I'm kicking off the next round of the SQL Server Bible series for Wiley. For the past two versions I used my own custom sample databases and skipped the MSFT sample databases (even though I feel that ALFKI's a friend and I'd love to shop there someday.)
I'm also wrapping up a contract where I helped design and develop very heavy transaction, large database. It drove home for me again the truth that testing on your notebook, or even with a 9Gb test database on a dev server, isn't the same as production with 19K very busy connections and a database that's growing Gbs per hour.
So for this next book, I want a more realistic database, one that won't possibly all fit into memory.

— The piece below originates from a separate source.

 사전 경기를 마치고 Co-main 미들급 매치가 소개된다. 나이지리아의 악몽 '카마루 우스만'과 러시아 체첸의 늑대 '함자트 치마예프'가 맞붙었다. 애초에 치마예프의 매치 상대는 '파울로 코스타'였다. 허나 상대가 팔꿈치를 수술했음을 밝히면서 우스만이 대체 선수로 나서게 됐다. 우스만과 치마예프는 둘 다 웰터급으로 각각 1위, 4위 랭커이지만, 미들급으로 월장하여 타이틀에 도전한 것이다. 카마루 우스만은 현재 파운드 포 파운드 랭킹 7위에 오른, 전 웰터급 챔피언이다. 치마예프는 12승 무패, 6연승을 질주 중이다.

I'm playing with data downloaded from the US Census Bureau and have pushed it to about 27Gb so far, but thought, why not ask the SQLBlog gang, what would be a great sample database? What's the criteria?
Here's what I have so far as the Great Sample Database goals:
- Just a handful of tables, easy to understand and query
- Small sample set of data for demos and unit testing
- Data generator to push the database to several Gb with a realistic distribution of data.
- Full stored procedure API data abstraction layer, so the database physical design can be refactored and then retested. E.g. to test different patterns for optional data, heaps vs. clustered, surrogate vs. natural keys.
- Includes lat and long for spatial data
- Includes mix of data types
- Ability to demo various types of joins and SQL techniques.
- Easy to download and install
So I ask you, what else might you want in a great sample database?